Items from a data source:
========
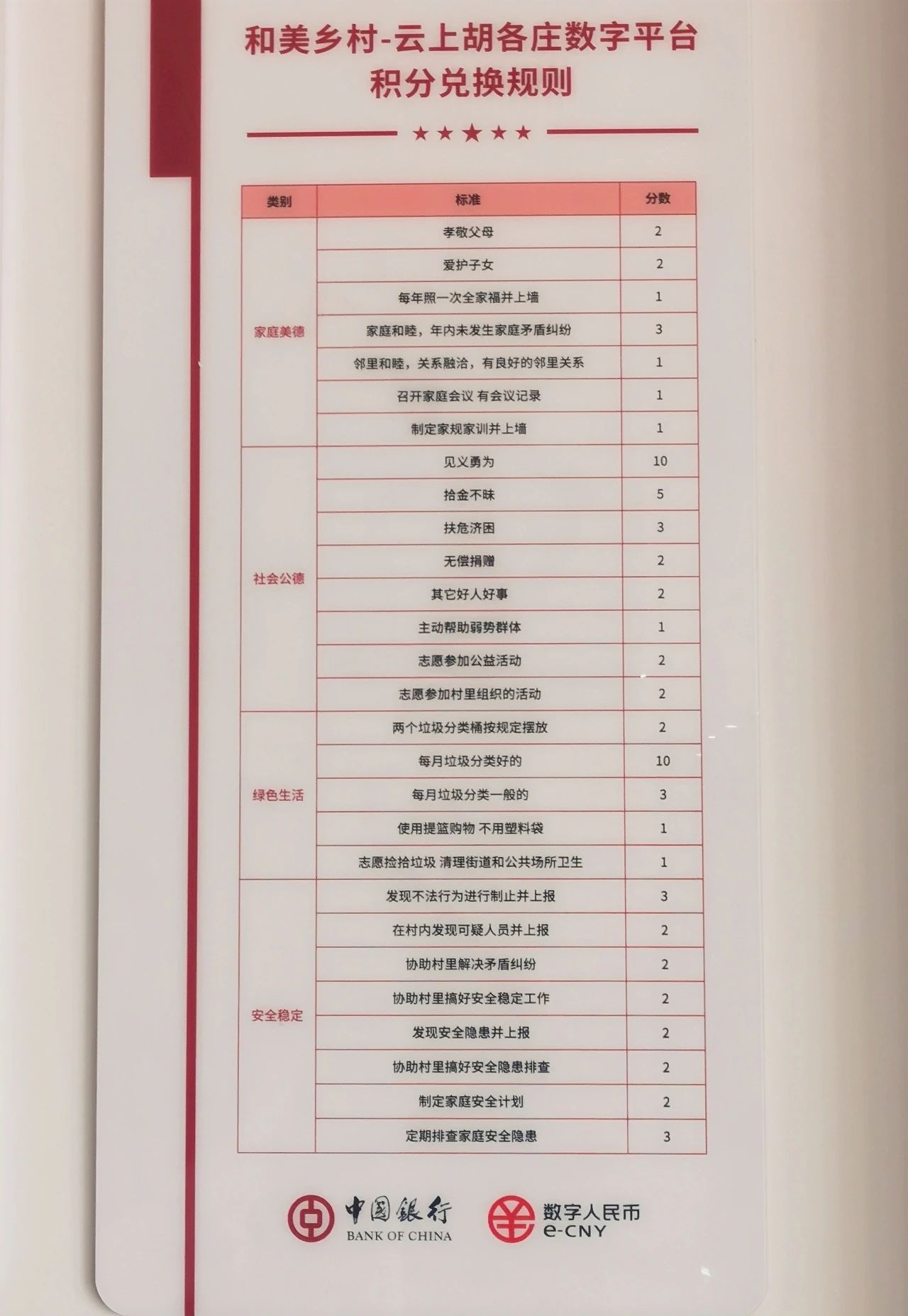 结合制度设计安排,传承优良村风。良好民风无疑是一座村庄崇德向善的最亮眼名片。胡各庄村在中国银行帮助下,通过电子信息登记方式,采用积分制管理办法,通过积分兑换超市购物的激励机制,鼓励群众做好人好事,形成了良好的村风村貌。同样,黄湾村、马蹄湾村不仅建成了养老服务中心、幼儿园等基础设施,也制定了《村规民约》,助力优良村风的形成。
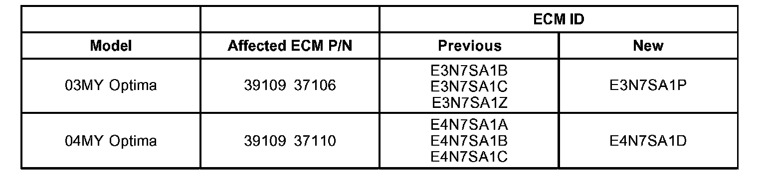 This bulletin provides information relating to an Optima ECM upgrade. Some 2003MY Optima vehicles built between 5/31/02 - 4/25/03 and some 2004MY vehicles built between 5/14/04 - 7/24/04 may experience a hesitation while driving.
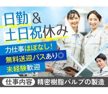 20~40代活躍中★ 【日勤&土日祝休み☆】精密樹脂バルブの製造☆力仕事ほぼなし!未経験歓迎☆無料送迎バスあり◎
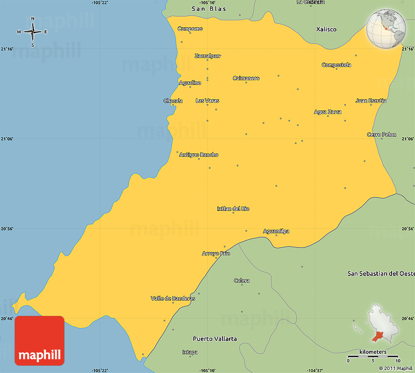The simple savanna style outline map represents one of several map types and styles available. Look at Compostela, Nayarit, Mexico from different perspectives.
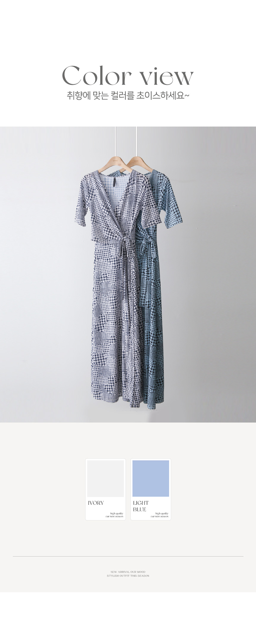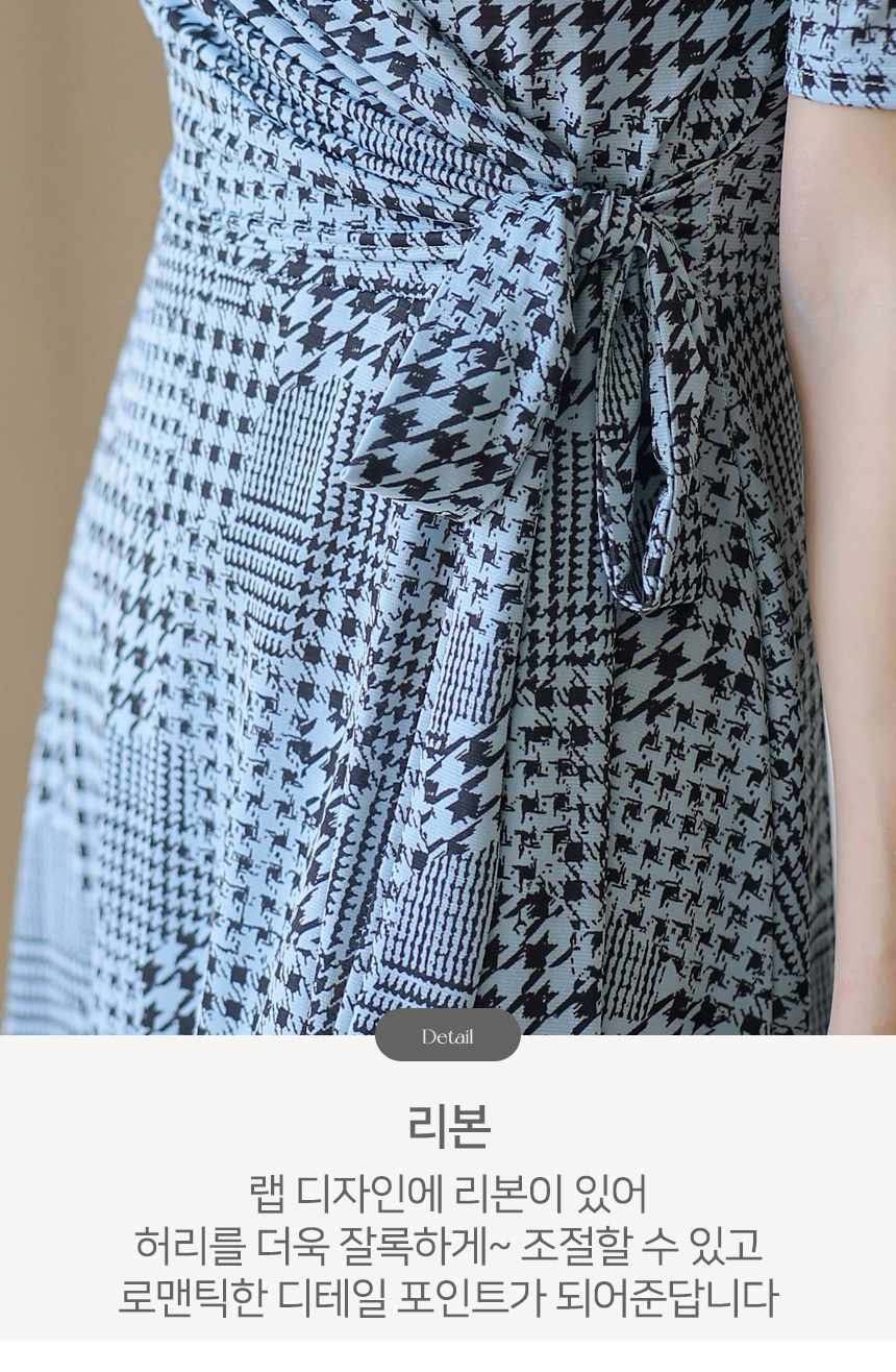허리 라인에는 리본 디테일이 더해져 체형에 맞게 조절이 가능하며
========
Work item: Of the records above, print only the lines from the one containing "This bulletin provides" through the one containing "20~40代活躍中★ 【日勤", inclusive and unaltered, leaving out pictures.

Response for this exercise:
 This bulletin provides information relating to an Optima ECM upgrade. Some 2003MY Optima vehicles built between 5/31/02 - 4/25/03 and some 2004MY vehicles built between 5/14/04 - 7/24/04 may experience a hesitation while driving.
 20~40代活躍中★ 【日勤&土日祝休み☆】精密樹脂バルブの製造☆力仕事ほぼなし!未経験歓迎☆無料送迎バスあり◎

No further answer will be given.